One of the more simple ways to do this is to take a sequence of binary values, and assume that the output at each timestep is just a linear combination of the previous values. We can then pass this weighted sum through a sigmoid to get the output probability for each timestep. This sort of model is called a fully-visible sigmoid belief network (FVSBN):

fvsbn

A fully visible sigmoid belief network. Figure taken from the NADE paper.

Here we have binary inputs \(v\) and generated binary outputs \(\hat{v}\). \(\hat{v_3}\) is produced from the inputs \(v_1\) and \(v_2\).

NADE can be seen as an extension of this, where instead of a linear parameterisation of each conditional, we pass the inputs through a feed-forward neural network:

nade

Neural Autoregressive Distribution Estimator. Figure taken from the NADE paper.

Specifically, each conditional is parameterised as:

\(p(x_d | \mathbf{x_{<d}}) = \text{sigm}(b_d + \mathbf{V}_{d,:} \mathbf{h}_d)\)

\(\mathbf{h}_d = \text{sigm}(c + \mathbf{W}_{:,<d} \mathbf{x}_{<d})\)

where \(\mathbf{W}\), \(\mathbf{V}\), \(b\) and \(c\) are learnable parameters of the model. This can then be trained by minimising the negative log-likelihood of the data.

When compared to the FVSBN there is also additional weight sharing in the input layer of NADE: each input element uses the same parameters when computing the various output elements. This parameter sharing was inspired by the Restricted Boltzmann Machine, but also has some computational benefits – at each timestep we only need to compute the contribution of the new sequence element (we don’t need to recompute all of the preceding elements).

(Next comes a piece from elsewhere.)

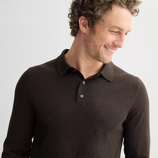 Elevate his casual look with the timeless charm of Sonoma Goods For Life®. This argyle sweater polo offers a refined fit, perfect for layering under his favorite jackets or pairing with chinos for a smart weekend outing or workday attire.

Modeling documents with NADE

In the standard NADE model, the input and outputs are binary variables. In order to work with sequences of text, the DocNADE model extends NADE by considering each element in the input sequence to be a multinomial observation – or in other words one of a predefined set of tokens (from a fixed vocabulary). Likewise, the output must now also be multinomial, and so a softmax layer is used at the output instead of a sigmoid. The DocNADE conditionals are then given by:

\(p(x | \mathbf{x_{<d}}) =
\frac{\text{exp} (b_{w_d} + \mathbf{V}_{w_d,:} \mathbf{h}_d) }
{\sum_w \text{exp} (b_w + \mathbf{V}_{w,:} \mathbf{h}_d) }\)

\(\mathbf{h}_d = \text{sigm}\Big(c + \sum_{k<d} \mathbf{W}_{:,x_k} \Big)\)

An additional type of parameter sharing has been introduced in the input layer – each element will have the same weights no matter where it appears in the sequence (so if the word “cat” appears input positions 2 and 10, it will use the same weights each time).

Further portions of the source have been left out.